Any deferred payments cannot be considered a payment shortfall (arrears) where the deferred amounts are repaid before the next contractual payment is due. The deferred payments can be repaid in a lump sum or capitalised. If the deferred sum is not paid before the next payment falls due the customer has to be informed in writing that the deferred sum will be included in the payment shortfall / arrears amount going forward and their credit file must not be affected by the deferral.
Firms are also required to maintain a record of the deferred sum added to the payment shortfall / arrears so this can be identified as accruing in exceptional circumstances.
Possession action
A firm should not consider repossession action if the payment shortfall / arrears are purely a result of a payment deferral. In addition, a firm should take into account that the payment deferral was agreed and that the customer may need more time to address the arrears.
The draft guidance allows firms to start or continue possession proceedings in accordance with MCOB13 and the applicable pre-action protocol. However, there are 2 circumstances where a firm should not apply for or enforce a warrant of possession:
Where the customer, or another person residing in the property, is self-isolating or shielding; and
If there is a local or nationwide lockdown in force.
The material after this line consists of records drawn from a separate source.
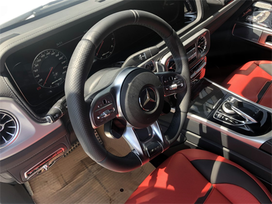 运动感搭配车型专属细节:内饰设计 AMG G63被赋予了更具当代风格的内饰,与鲜明外观特点交相辉映。侧面通风口和仪表板上的高音音箱分别呼应了圆形大灯和转向指示灯的形状。AMG G 63的标志性特征还包括副驾驶前方的扶手和3个差速锁的镀铬开关。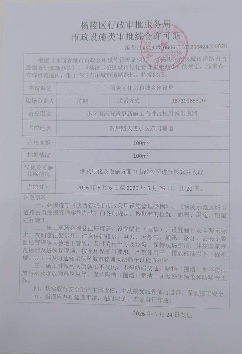 占用挖掘城市道路审批公示(小区雨污管道更新施工临时占挖用城市道路)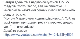Об этом на своей странице в Facebook сообщила синоптик Наталья Диденко.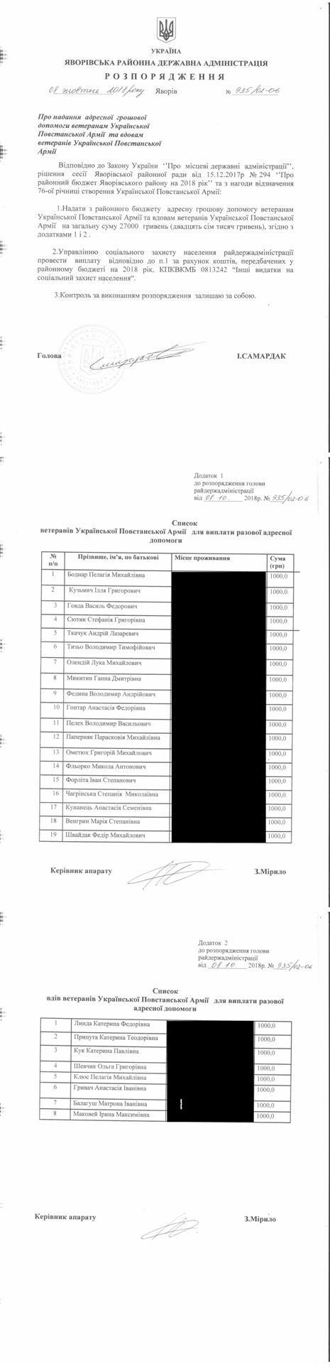 №935/02-06 2018-10-11 Про надання адресної грошової допомоги ветеранам Української Повстанської Армії та вдовам ветеранів Української Повстанської Армії

The draft guidance recognises that there may be challenges to meeting the expectations at a time when many customers may be seeking assistance. For that reason the guidance allows for the use of automation and digital tools in some areas, and the use of all communication channels.
The guidance also suggests that firms may want to identify a group of customers, coming to the end of a payment deferral period, for whom short term forbearance may be appropriate (the cohort approach) and follow a written policy for this approach. It also recognises that firms may need to recruit less experienced staff to deal with the high volume of enquires but puts the onus on the firm to have proper training and oversight.